Auf dem Hof

Unsere Kindheit wäre erheblich langweiliger verlaufen, hätte es nicht den Gutshof gegeben. Zunächst gab es dort noch Kühe, Pferde und Schweine.

Ich mied den Kuhstall, weil ich fürchtete, die Viecher würden mir die kurzbehosten Beine mit ihrer riesigen Zunge ablecken. Vater bot mir 50 Pf, wenn ich mich traute, einmal den Futtertrog rauf und wieder runter zu laufen. Das war viel Geld und so überwand ich mich. Keine der Kühe hat geleckt. Meine „Heldentat“ war Thema beim Mittagessen und einer der „Besücher“ sagte, er habe im Kuhstall immer Angst, dass die Tiere ihm mit ihrem dreckigen Schwanz ins Gesicht schlügen. Nun hatte ich keine Angst mehr von vorne, dafür aber von hinten.

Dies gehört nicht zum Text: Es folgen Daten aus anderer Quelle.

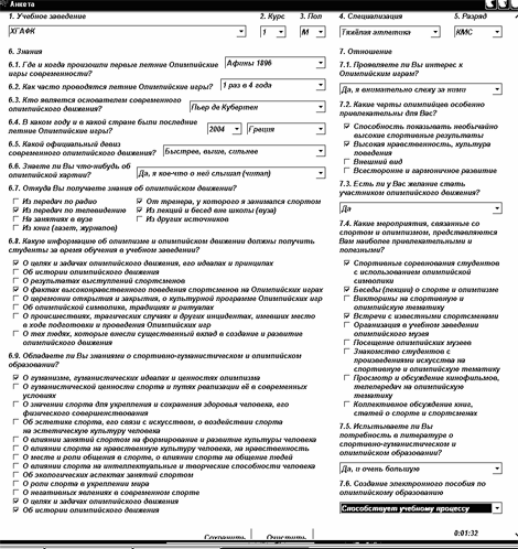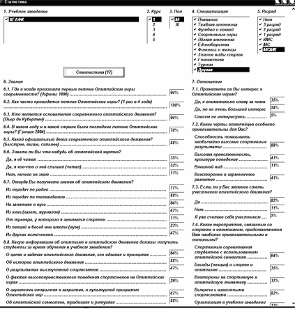 АНКЕТИРОВАНИЕ СТУДЕНТОВ ВЫСШИХ УЧЕБНЫХ ЗАВЕДЕНИЙ ФИЗИЧЕСКОЙ КУЛЬТУРЫ И СПОРТА ПО ОЛИМПИЙСКОМУ ОБРАЗОВАНИЮ В УСЛОВИЯХ ИНТЕНСИВНОГО ИСПОЛЬЗОВАНИЯ КОМПЬЮТЕРНЫХ ТЕХНОЛОГИЙ Касьяненко О.Г. Национальный университет физического воспитания и спорта Украины . Описывается компьютерная анкета для студентов высших учебных заведений физической культуры и спорта по олимпийскому образованию, включающая программу "Questions" - форма анкеты с вопросами и пустыми полями для ответов и программу "Statistica" - с помощью которой данные статистически обрабатываются. Ключевые слова: компьютеризация, анкета, олимпизм, статистика. Анотацiя. Касьяненко О.Г. Анкетування студентiв вищих навчальних закладiв фiзичноi культури й спорту з олiмпiйськоi освiти в умовах iнтенсивного використання комп'ютерних технологiй. Описуеться комп’ютерна анкета для студентiв вищих навчальних закладiв фiзичноi культури та спорту з олiмпiйськоi освiти, що включае: програму "Questions" - форма анкети з питаннями та порожнiми полями для вiдповiдей та програму "Statistica" - за допомогою якоi даннi статистично обробляються. Ключовi слова: комп’ютеризацiя, анкета, олiмпiзм, статистика. Annotation. Kasyanenko O.G. Questioning of students of higher educational institutions of physical training and sports on Olympic educational in conditions of a heavy use of computer technologies. Describes computer questionnaire for students of high educational institutions of physical culture and sport by Olympic education, includes program "Questions" - the questionnaire form with questions and empty columns for answers and program "Statistica" - with which facts are statistical calculated. Keywords: computerizing, questionnaire, olympizm, statistic. Введение. Компьютерные технологии применяются во всех областях деятельности человека и определяют прогресс развития современного общества. Использование их в практике повышает работоспособность людей и результативность их труда. Информатизация сферы образования сопровождается интенсивным внедрением информационных технологий, основанных на применении компьютеров, причем не только в технических высших учебных заведениях, но и в высших учебных заведениях физической культуры и спорта [2, 11]. Создание компьютерных учебников, учебных пособий, методического обеспечения дисциплины, компьютерных средств контроля знаний студентов и оценки качества усвоения учебного материала, тематических баз данных, направленных на информационную поддержку учебной дисциплины является путями внедрения информационных технологий [4, 5, 10]. Среди них важное место принадлежит созданию программных продуктов по вводу и статистической обработке данных [1]. Одной из разновидностей данных продуктов является компьютерное анкетирование. Анкетирование - это метод получения информации путем письменных ответов респондентов на систему стандартизированных вопросов [3]. Современные компьютерные системы являются способом унификации представления информации. Они позволяют обрабатывать численные данные, хранить их в большом объеме и автоматизировать процесс обработки результатов данных [7]. Это намного упрощает процесс проведения и обработки анкетирования. Проведенный теоретический анализ и обобщение литературных источников свидетельствует о том, что проведению анкетирования по вопросам олимпийского образования посвятили свои работы многие ученые [8, 9]. Еще в 80-х годах профессором Столяровым В.И. [9] был проведен массовый социологический опрос по данной тематике. Значительное количество его последователей [8, 9] продолжили исследования

Unser Feind war der Schweizer. Der sprach fränkisch. Schweizer hatten immer ein rot-weiß gestreiftes Hemd an, und auf mindestens einer Schulter prangte ein Kuhfladen.

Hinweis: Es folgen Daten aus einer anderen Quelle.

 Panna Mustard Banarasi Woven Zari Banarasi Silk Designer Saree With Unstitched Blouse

Weil ursprünglich die besten Rindviehpfleger aus dem CH-Land kamen, wurde ihre Herkunft zur Berufsbezeichnung. Unser Schweizer wollte nicht, dass wir im Heuboden spielten. Er meinte, wir trampelten die getrockneten Blüten kaputt und darunter leide die Qualität der Milch. Als Vater ihm sagte, wir dürften sehr wohl auf dem Heuboden spielen, war das für ihn eine herbe Niederlage. Ab sofort hasste er uns. Zunächst „vergaß“ er eine Gabel im Heu, was gefährlich hätte enden können. Unsere Rache war, dass wir auf die Gabel kackten. Das petzte der Schweizer unserem Vater, woraufhin wir das mit der Gabel petzten. Wir ernteten eine Kopfnuss, der Schweizer einen Anschiss.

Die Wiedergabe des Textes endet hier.